Write interpolant automata to file. Use these interpolant automata for the verification of similar programs (e.g., the same program to which a patch was applied).

CDT interface for Ultimate

Contact: Daniel and Matthias

We already have a preliminary version of an Eclipse CDT interface that works with old versions of Eclipse. Adapt our interface to recent version of Eclipse and improve it.

Use Modulo Arithmetic to Represent Machine Integer Operations

Contact: Matthias

We have powerful tools for the logical reasoning over mathematical integers and hence we represent integer data types in computer programs by mathematical integers in our analyses. However, using mathematical integers is unsound in general since primitive data types usually have a finite number of values. E.g., an unsigned int in C can take only values from 0 to 4294967295. Our analysis can be made sound by using one of the following transformations.

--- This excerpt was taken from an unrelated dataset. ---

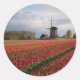 Sticker Rond Tulipes rouges et moulin à vent
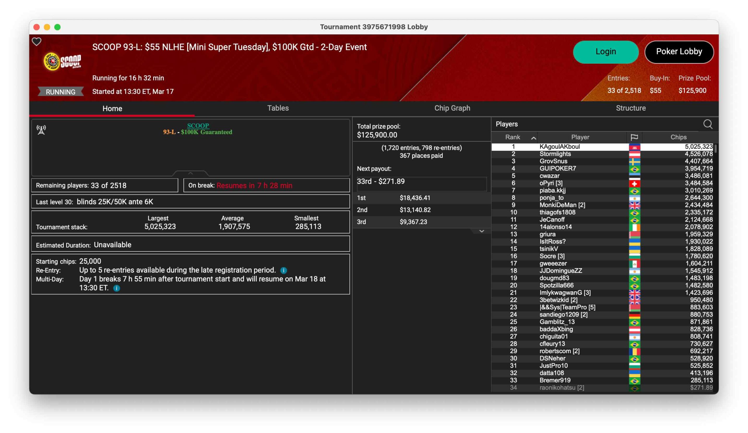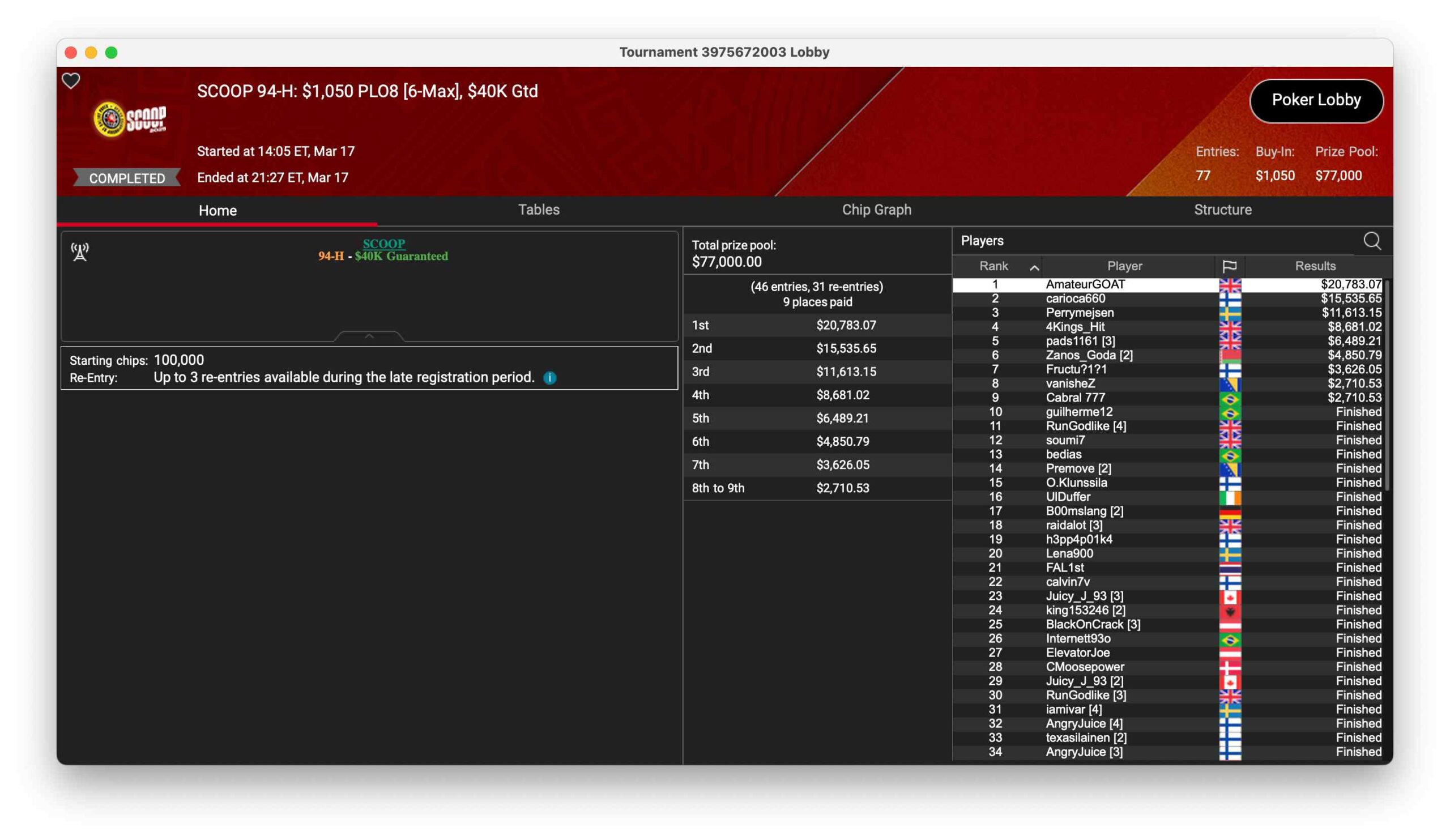 Ein Schweizer gewann das $22 PLO 6max, das 1.225 Entries anhäufte. $24.500 wurden im Pott neu verteilt. Der Sieg von „K04!1NW1“ gewann für $3.844.

  1. The Falke Transformation We transform a C program over primitive data types into a program over mathematical integers. After each arithmetic operation we apply a modulo operation. E.g., if x is an unsigned int the expression x + 1 is translated to (x + 1) % 4294967296.
  2. The Nutz Transformation We transform a C program over primitive data types into a program over mathematical integers. Before each comparison operation we apply a modulo operation. E.g., if x and y are unsigned ints, the expression x == y is translated to (x % 4294967296) == (y % 4294967296). Check the following examples for more details NutzTransformation01.c NutzTransformation02.c NutzTransformation03.c NutzTransformation04.c NutzTransformation05.c

The latter transformation is already implemented. Task: implement the first transformation and evaluate both.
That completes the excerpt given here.